I watched the entire Avatar series at the request of my niece some years ago. I told her I liked Cameron's movie Avatar and she was setting me straight. It was interesting enough to watch the whole thing.

The idea of the mother's ghost telling her son's story might have merit. You can always revisit it later. Dark need not be bad. The problem with suicide in fiction is that it bores and may even annoy because it does not uplift the reader. 

I like to emphasize how well something sells to bring literature discussions back down to earth, but I would be mainly interested in whether a story entertained enough readers. 

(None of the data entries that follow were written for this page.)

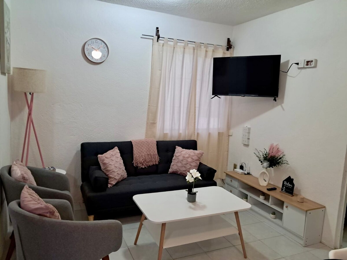 ¡Zelf inchecken! ¡Bacturamos! Appartement alleen voor jou met een slaapkamer met 2 tweepersoonsbedden, eigen keuken en badkamer, snelle wifi, (koperen verbinding) en smart-tv. Op steenworp afstand van het historische en wandelcentrum van Guadalupe. Rust in een veilige straat en dicht bij openbaar vervoer en bussen die naar de luchthaven leiden, (erg handig als je vliegtuig's nachts aankomt). Reserveer nu voor kortingen op een lang verblijf en dompel jezelf onder in de essentie van de stad!
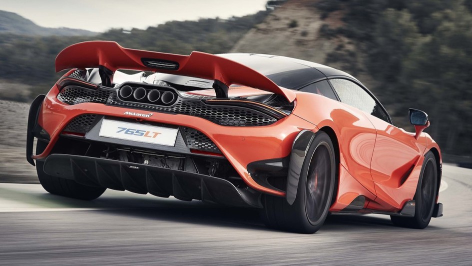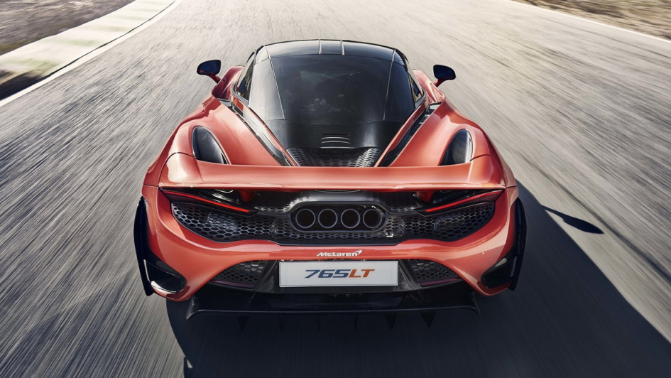 von 10: Für schnelle Rundenzeiten und maximale Stabilität bei hohem Tempo bietet der 765LT ein spezielles Aerodesign, unter anderem mit gestreckter Karosserie, Frontsplitter, Diffusor sowie einem aktiven Heckflügel oberhalb der vier Endrohre der Titan-Abgasanlage.
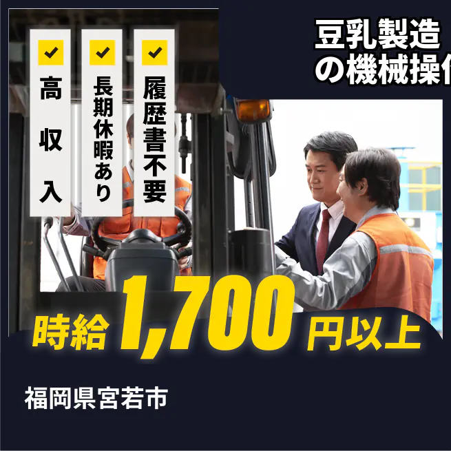 給与詳細 月収例 273,000円 時給例 1,700円 勤務地 福岡県宮若市 仕事内容 【フォークリフト作業/要資格(3交替)】
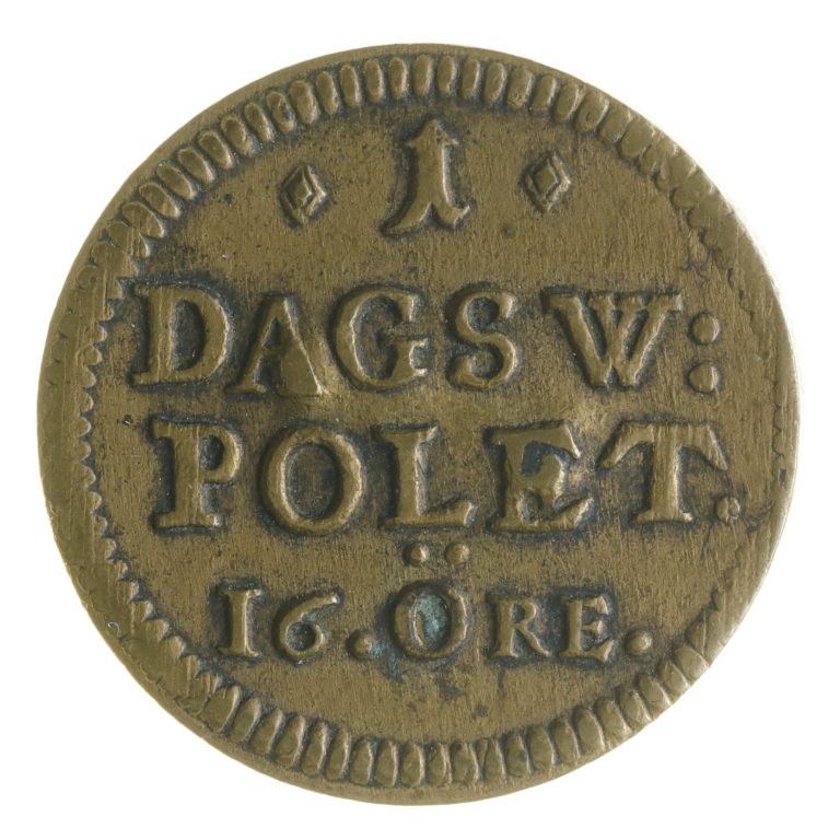 Den vänstra är på 16 öre, 23 mm. Den högra är på 20 öre, 22 mm. De är enbart stämplade på framsidan. Dagsverkspolletterna används från 1663. I maj 1666 tas det upp i rådhusrätten att det förekommer falska mässingspolletter. De första åren präglas polletterna av mässing, för att sedan uteslutande vara av koppar. Arendt Grape åtar sig i augusti samma år att lösa in alla mässingspolletter. Han utlyser även en belöning på 80 riksdaler, en hög summa, för att förfalskaren ska gripas. Ingen fälls dock för brottet. Få mässingspolletter finns kvar idag och förklaringen bör vara att de löstes in och ersattes med kopparpolletter.

There might be a third category of metaphysical suicide themes that would work in literature that these anime series bring to mind. It would include the Jesus story that was discussed earlier. This would be a hero who allow himself or herself to die to bring about a greater good. The sacrifice would have to have huge consequences, not just saving someone else from a burning building and losing one's own life in the process.

----------


## Shaman_Raman

As far as appealing to the reader, I suppose suicide through self sacrifice could work...But I feel that a reader that would be bored or turned off by suicide could still raise the question: why does self sacrifice have to necessarily be suicide? I understand the idea behind Jesus´s sacrifice, but what other huge effect could a suicide have toward the greater good? 

I just have on other problem with this...in this thread, there's been a debate back and forth that suicide in literature is either distasteful or effective if well-written. If suicide is posed as a valiant, self-sacrificial act for the good of others, won't this have a worse effect on the nature of it? It's like saying there's a positive and negative form of suicide.

----------


## YesNo

Reconsidering it, I don't think associating suicide with self-sacrifice would work. The victim would have to be killed by unavoidable circumstances or someone else. So it wouldn't really be a suicide.

----------


## Grit

I think it's important to consider context when determining the viability of suicide as a good turn in a story.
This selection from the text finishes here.